■ ASSIGNMENT ■
Nothing but text lines should be duplicated: start with the first line of the listing below and stop after the line holding "An early 19th", omitting pictures.

- Opening Delimiter -

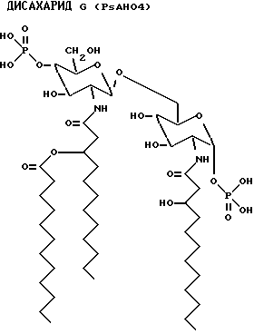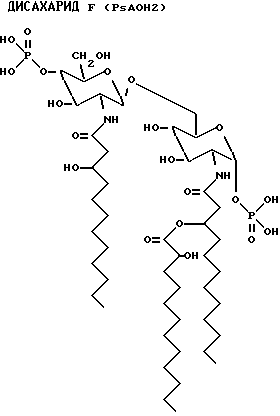 Однако N-присоединенный заместитель может являться также ацилоксиацильной группой, определенной выше, и содержащей N-присоединеннный 3-гидрокси(C14-C24)ацил жирной кислоты, который эфирно-связан по 3- гидроксиположению с (C1-C20)карбоновой кислотой, предпочтительно, предпочтительно 3-гидрокси(C8-C18) жирной кислоты, эфирно-связанный по 3-гидроксиположению с (C10-C18) -жирной кислотой. Более предпочтителен дисахарид, где R2 является N-присоединеннным 3-гидрокси C14-ацилом жирной кислоты, эфирно-связанным по 3-гидроксиположению с C12-жирной кислотой или C16-жирной кислотой, и где R2 является N-присоединеннным 3-гидроксиC14-ацилом жирной кислоты, эфирно-связанным по 3-гидроксиположению с C12-жирной кислотой и C14-жирной кислотой.
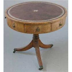 An early 19th century mahogany drum table, with later leathered top, four real and four dummy dra...
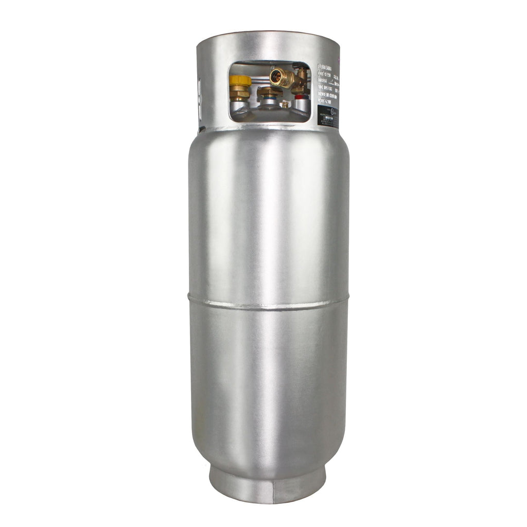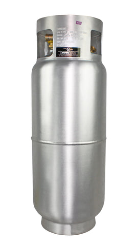 FORKLIFT READY, CORROSION-RESISTANT and RUST-FREE! This tank features a liquid draw design for use in forklift applications, can be mounted horizontally or vertically, and comes with a built-in gauge. It is rugged-designed to withstand the rigors of warehouse transportation. Constructed from high-grade Aluminum which is lighter than Steel, making it ideal for lightweight strength increasing delivery efficiency, and decreasing lifting injuries. Also comes with comfortable hand-holds in the collar for easier lifting. Arrives in a bright, shiny, and smooth finish. You can trust the high quality, durability, and safety of all the Flame King Propane Tanks. All tanks are pre-purged, vacuum-ready for filling with LP gas. They are X-Ray and Hydrostatic Tested and DOT (Department of Transportation) and TC (Transport Canada) Certified. Flame King, a leader in propane storage solutions, prides itself in making the highest quality, premium, refillable propane tanks in the market. From 1/4LB up to 420LB tanks, we've got you covered! NOT COMPATIBLE WITH BBQs or STANDARD PROPANE APPLIANCES — These require VAPOR draw, but forklift tanks are designed for LIQUID draw, making them unsafe and incompatible.
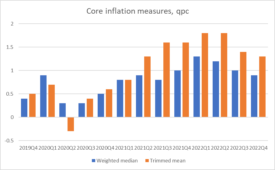 Bear in mind that with core inflation around 6 per cent and the Bank’s target requiring them to focus on the 2 per cent target midpoint, there is a very long way to go. It isn’t a matter of getting core inflation down by 0.5 or 1 per cent, but of a four percentage point drop.
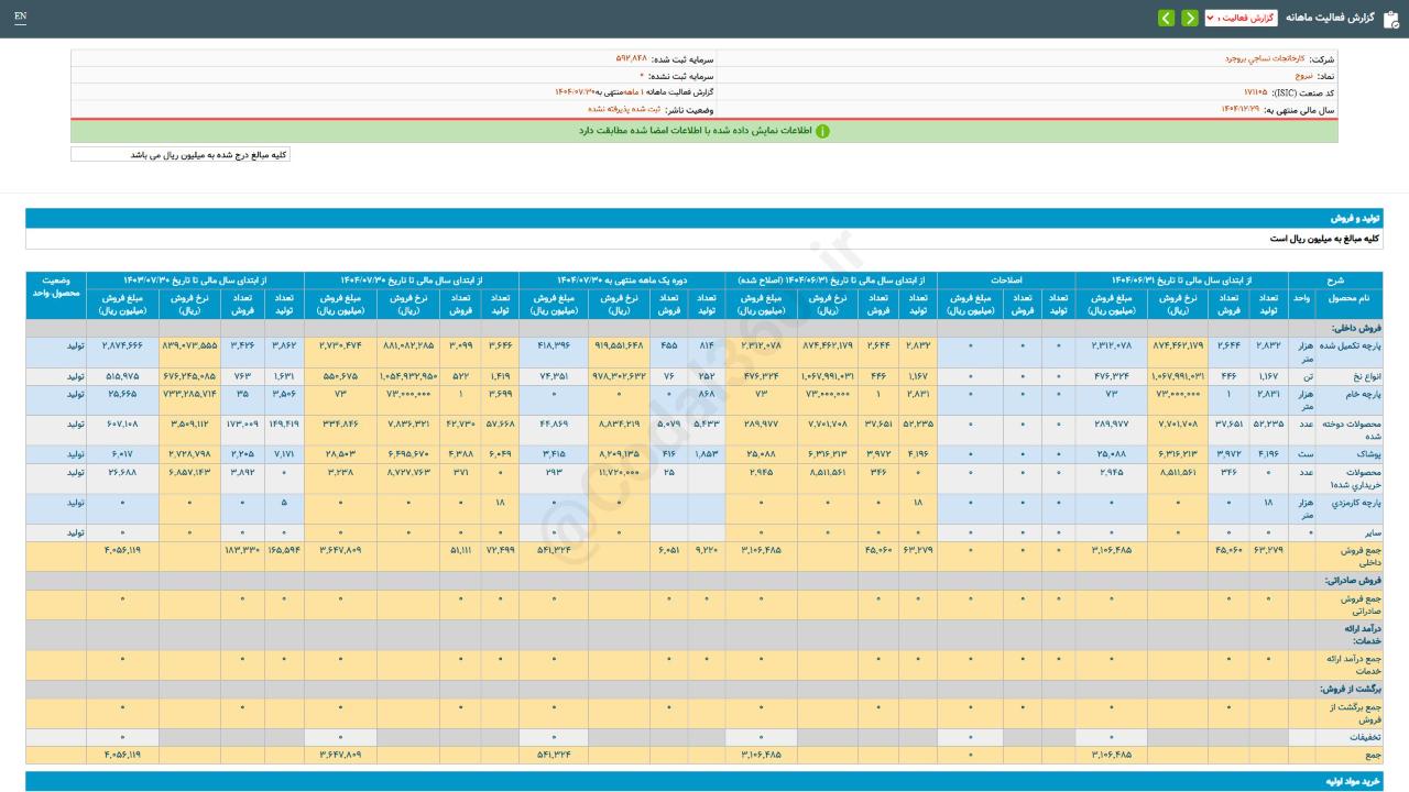 ▪️ شرکت بنیان دیزل طی عملکرد 1 ماهه منتهی به 14040830 معادل 170,170 میلیون ریال، از محصولات خود را به فروش رسانده است.
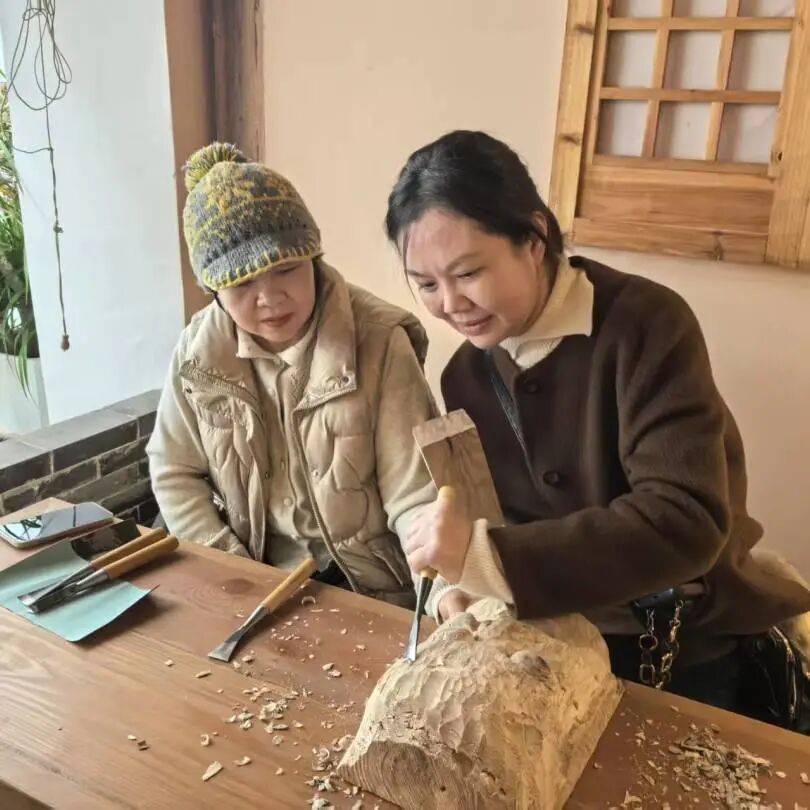 在面具雕刻工作室内,黄老师拿出了邵武傩舞中最具代表性的开路神和弥勒面具,前者是邵武众多傩舞节目中的前导,负责驱妖赶鬼,敲锏开道;后者常出现在邵武傩舞《跳番僧》中,叶明生等学者认为体现了当地傩舞的弥勒信仰。同学们争相戴上傩舞面具,并在雕刻师黄美凤老师手把手的指导下,兴致勃勃体验了傩舞面具的传统雕工。
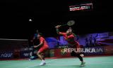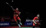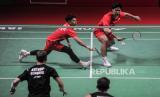 Pebulu tangkis ganda putra Indonesia Leo Rolly Carnando (kanan) dan Daniel Marthin (kiri) mengembalikan kok ke arah pebulu tangkis ganda putra Denmark Kim Astrup dan Anders Skaarup Rasmussen pada babak final Daihatsu Indonesia Masters 2024 di Istora Senayan, Gelora Bung Karno (GBK), Jakarta, Ahad (28/1/2024). Leo Rolly Carnando dan Daniel Marthin menjadi juara ganda putra pada turnamen bulu tangkis Daihatsu Indonesia Masters 2024 usai menang dengan skor 21-12, 20-22, 21-11. (FOTO : Republika/Putra M. Akbar)
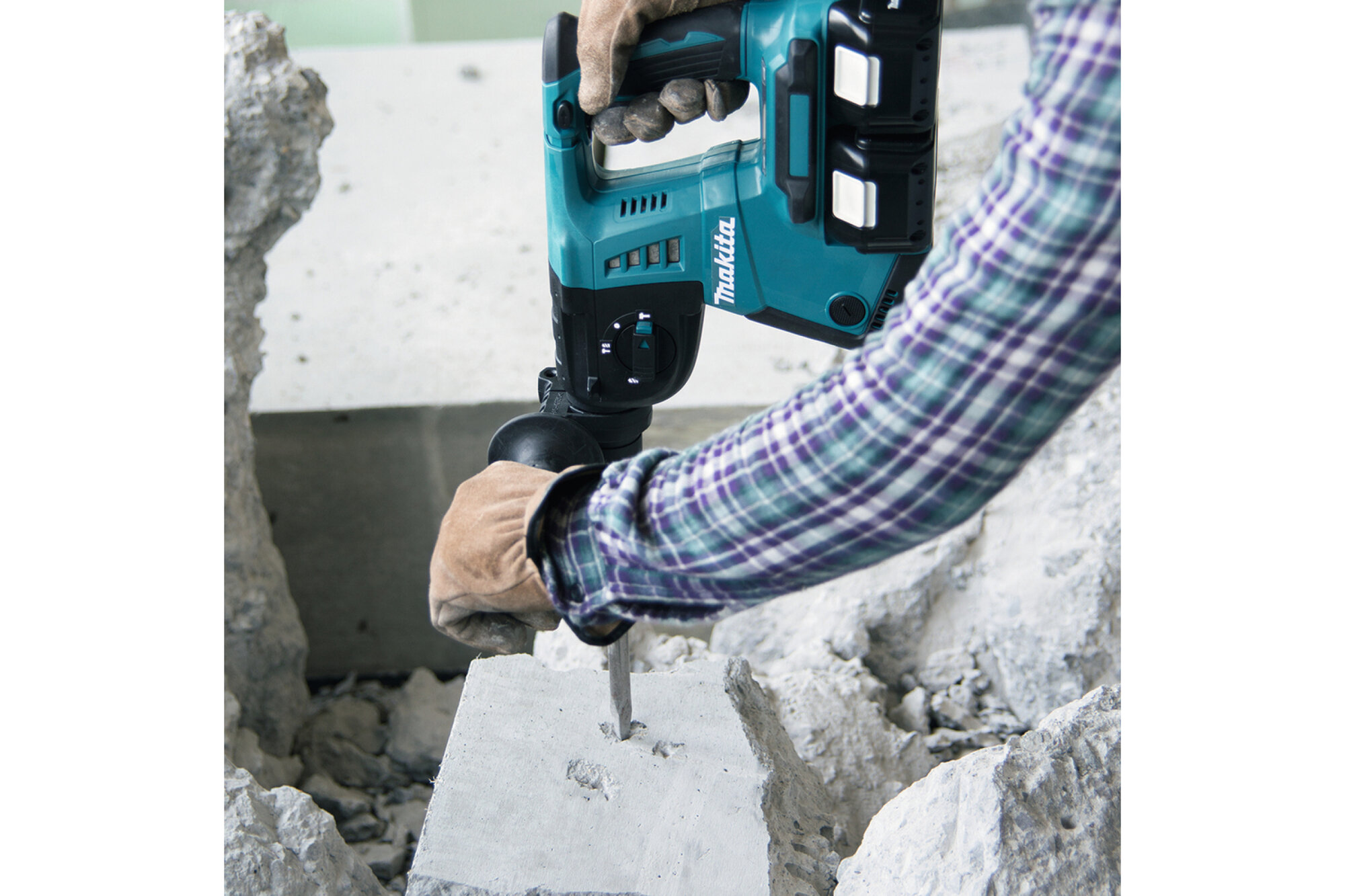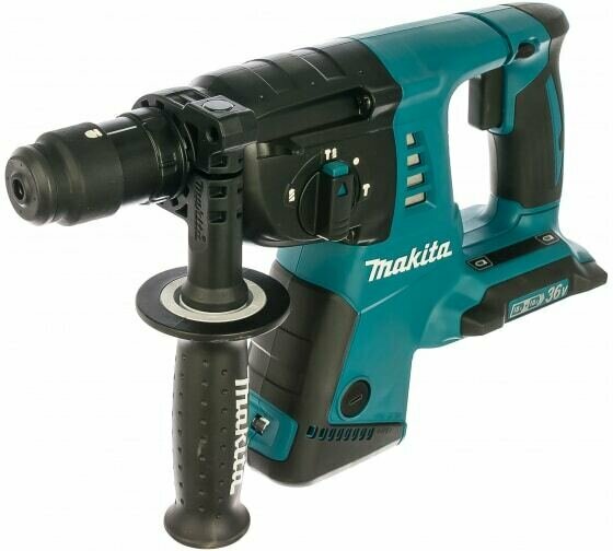 | Прочие особенности и свойства | Уникальный электроинструмент для работы в трёх режимах - долбление, безударное и ударное сверление. Питание - от двух литиевых аккумуляторов суммарным напряжением 36 В. Электронная регулировка скорости, расщепляющаяся муфта, подсветка рабочей зоны. Патрон - быстрозажимной. Перфоратор Makita DHR264Z – этот универсальный инструмент, способный работать не только в режиме долбления, но ударного и безударного сверления. В последнем случае им можно просверлить в стальном листе отверстие до 13 мм, а в дереве или другом мягком материале – до 3,2 см. Компактная конструкция (длина – 35 см) обеспечивает надёжное удержание в руках и демпфирование вибраций, а дополнительную рукоятку из комплекта поставки можно установить в любом удобном положении. И весит инструмент Makita DHR264Z совсем немного, всего 4,7 кг, так что работать с ним можно, не уставая, длительное время. Аккумуляторами перфоратор не комплектуется, но можно отметить, что их зарядка не займёт много времени, потребуется всего 22 мин. |

- Closing Delimiter -

■ FINISHED EXERCISE ■
 Однако N-присоединенный заместитель может являться также ацилоксиацильной группой, определенной выше, и содержащей N-присоединеннный 3-гидрокси(C14-C24)ацил жирной кислоты, который эфирно-связан по 3- гидроксиположению с (C1-C20)карбоновой кислотой, предпочтительно, предпочтительно 3-гидрокси(C8-C18) жирной кислоты, эфирно-связанный по 3-гидроксиположению с (C10-C18) -жирной кислотой. Более предпочтителен дисахарид, где R2 является N-присоединеннным 3-гидрокси C14-ацилом жирной кислоты, эфирно-связанным по 3-гидроксиположению с C12-жирной кислотой или C16-жирной кислотой, и где R2 является N-присоединеннным 3-гидроксиC14-ацилом жирной кислоты, эфирно-связанным по 3-гидроксиположению с C12-жирной кислотой и C14-жирной кислотой.
 An early 19th century mahogany drum table, with later leathered top, four real and four dummy dra...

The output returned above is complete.